Objective. To evaluate the clinical efficacy and adverse reactions of bevacizumab plus radiochemotherapy in the treatment of advanced gastric cancer. Methods. Eighty-six eligible patients with gastric cancer treated in our institution from August 2019 to August 2020 were recruited and concurrently randomly assigned via the random number table method at a 1 : 1 ratio to receive neoadjuvant radiochemotherapy (control group) or bevacizumab (given on the first day of each course of neoadjuvant radiochemotherapy) plus neoadjuvant radiochemotherapy (study group) for 9 weeks (3 weeks as one course). Outcomes include the clinical efficacy and serum tumor marker levels before and after treatment. Patients in both groups were followed up for 12 months after treatment to obtain progression-free survival (PFS). Assessment of patients’ quality of survival was done by the Karnofsky performance score (KPS). The occurrence of adverse reactions in patients during treatment was monitored to evaluate the safety of the treatment protocol. Results. The research group outperformed the control group significantly in terms of total treatment efficiency ( P  < 0.05). After treatment, serum carcinoembryonic antigen (CEA) and glycoantigen 199 (CA199) levels were markedly reduced in both groups, with lower results observed in the research group ( P  < 0.05). The research group had a significantly longer median PFS than the control group (95% CI: 1.182–2.367, 1.132–2.469, P  < 0.05).

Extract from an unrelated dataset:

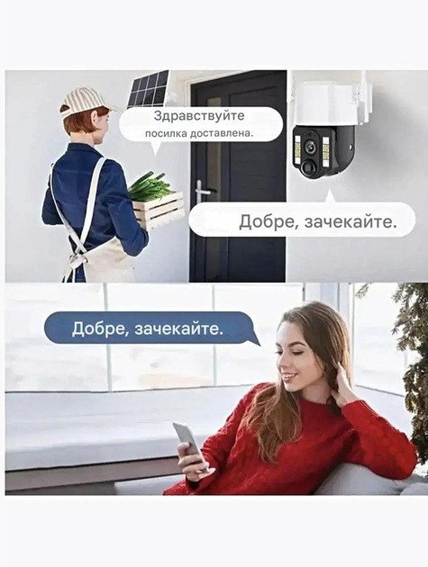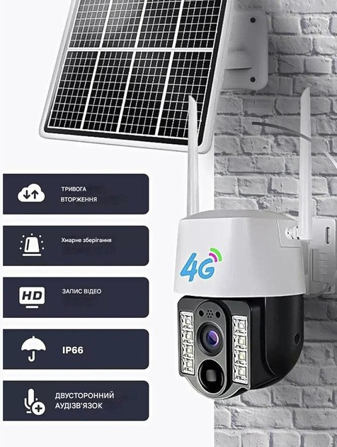 Інтелектуальний датчик руху PIR + Radar миттєво надсилає повідомлення на смартфон у разі виявлення активності. Двосторонній звук із вбудованим мікрофоном і динаміком дає змогу спілкуватися з відвідувачами або контролювати те, що відбувається на об'єкті. Міцний корпус із захистом IP66 гарантує довгий термін експлуатації та надійність камери за будь-яких погодних умов.

A significantly higher improvement in quality of survival was observed in the research group than in the control group ( P  < 0.05). No significant intergroup differences in adverse reactions were reported, and no new safety signals were identified ( P  > 0.05). Conclusion. Bevacizumab potentiates the treatment outcomes for advanced gastric cancer by effectively attenuating the abnormalities of serum tumor marker levels and prolonging survival, with a high safety profile, in combination with radiochemotherapy versus radiochemotherapy alone.